What to do -
Reproduce each entry exactly as it reads. Leave the images out.

Given records -
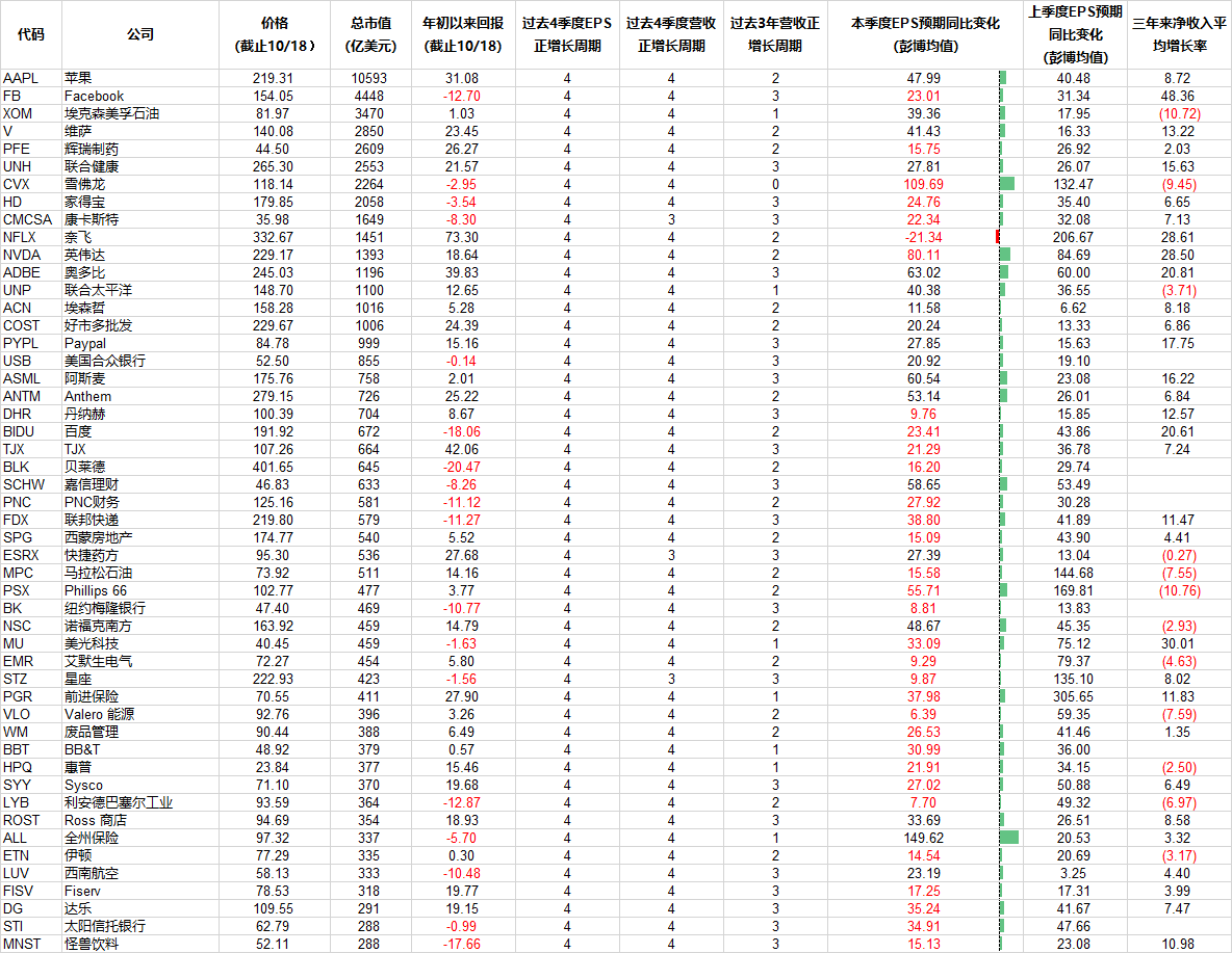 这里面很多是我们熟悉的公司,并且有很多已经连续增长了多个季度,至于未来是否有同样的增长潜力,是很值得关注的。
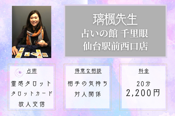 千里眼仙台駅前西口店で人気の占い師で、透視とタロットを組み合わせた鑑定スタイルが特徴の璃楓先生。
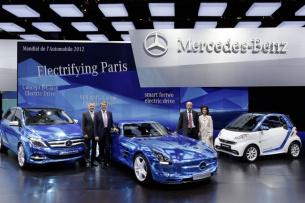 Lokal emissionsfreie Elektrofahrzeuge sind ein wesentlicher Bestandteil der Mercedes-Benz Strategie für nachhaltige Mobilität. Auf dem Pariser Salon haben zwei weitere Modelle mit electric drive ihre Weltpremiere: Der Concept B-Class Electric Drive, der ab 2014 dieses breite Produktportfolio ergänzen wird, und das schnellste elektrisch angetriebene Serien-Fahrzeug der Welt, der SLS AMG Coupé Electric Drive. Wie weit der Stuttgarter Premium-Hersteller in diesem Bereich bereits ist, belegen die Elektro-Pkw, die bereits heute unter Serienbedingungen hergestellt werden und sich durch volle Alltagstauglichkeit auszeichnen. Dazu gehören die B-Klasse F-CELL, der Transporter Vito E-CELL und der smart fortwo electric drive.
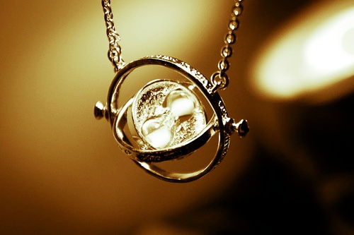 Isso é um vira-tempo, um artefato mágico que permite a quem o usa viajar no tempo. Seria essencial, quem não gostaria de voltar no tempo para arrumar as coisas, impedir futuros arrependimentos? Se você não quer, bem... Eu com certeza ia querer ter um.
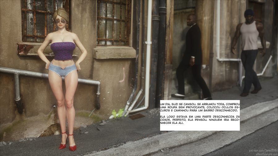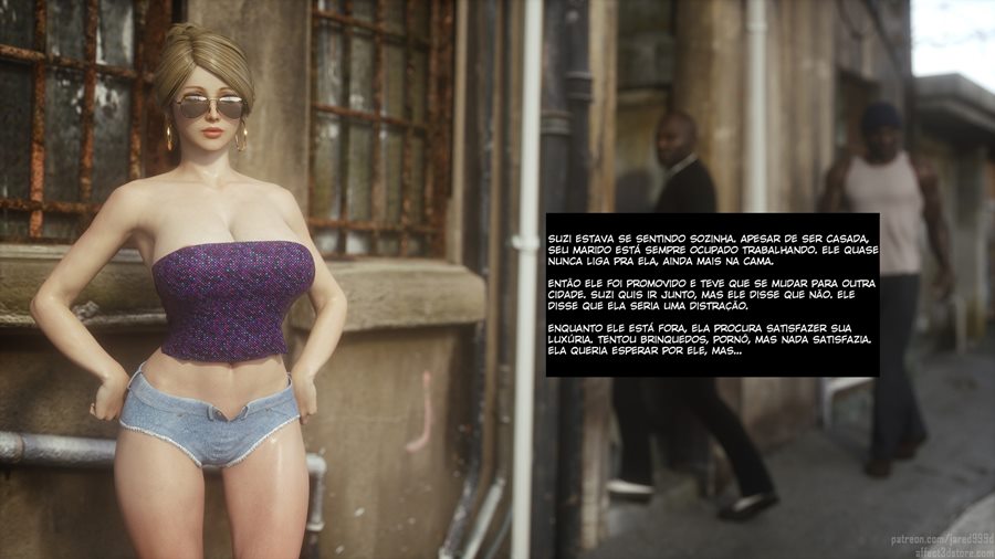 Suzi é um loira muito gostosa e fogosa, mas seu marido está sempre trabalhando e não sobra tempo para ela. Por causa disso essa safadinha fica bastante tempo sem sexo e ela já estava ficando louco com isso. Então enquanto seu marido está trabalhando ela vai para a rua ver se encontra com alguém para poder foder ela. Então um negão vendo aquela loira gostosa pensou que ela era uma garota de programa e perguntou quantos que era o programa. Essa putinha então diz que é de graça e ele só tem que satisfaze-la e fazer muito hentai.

Response area -
 这里面很多是我们熟悉的公司,并且有很多已经连续增长了多个季度,至于未来是否有同样的增长潜力,是很值得关注的。
 千里眼仙台駅前西口店で人気の占い師で、透視とタロットを組み合わせた鑑定スタイルが特徴の璃楓先生。
 Lokal emissionsfreie Elektrofahrzeuge sind ein wesentlicher Bestandteil der Mercedes-Benz Strategie für nachhaltige Mobilität. Auf dem Pariser Salon haben zwei weitere Modelle mit electric drive ihre Weltpremiere: Der Concept B-Class Electric Drive, der ab 2014 dieses breite Produktportfolio ergänzen wird, und das schnellste elektrisch angetriebene Serien-Fahrzeug der Welt, der SLS AMG Coupé Electric Drive. Wie weit der Stuttgarter Premium-Hersteller in diesem Bereich bereits ist, belegen die Elektro-Pkw, die bereits heute unter Serienbedingungen hergestellt werden und sich durch volle Alltagstauglichkeit auszeichnen. Dazu gehören die B-Klasse F-CELL, der Transporter Vito E-CELL und der smart fortwo electric drive.
 Isso é um vira-tempo, um artefato mágico que permite a quem o usa viajar no tempo. Seria essencial, quem não gostaria de voltar no tempo para arrumar as coisas, impedir futuros arrependimentos? Se você não quer, bem... Eu com certeza ia querer ter um.
 Suzi é um loira muito gostosa e fogosa, mas seu marido está sempre trabalhando e não sobra tempo para ela. Por causa disso essa safadinha fica bastante tempo sem sexo e ela já estava ficando louco com isso. Então enquanto seu marido está trabalhando ela vai para a rua ver se encontra com alguém para poder foder ela. Então um negão vendo aquela loira gostosa pensou que ela era uma garota de programa e perguntou quantos que era o programa. Essa putinha então diz que é de graça e ele só tem que satisfaze-la e fazer muito hentai.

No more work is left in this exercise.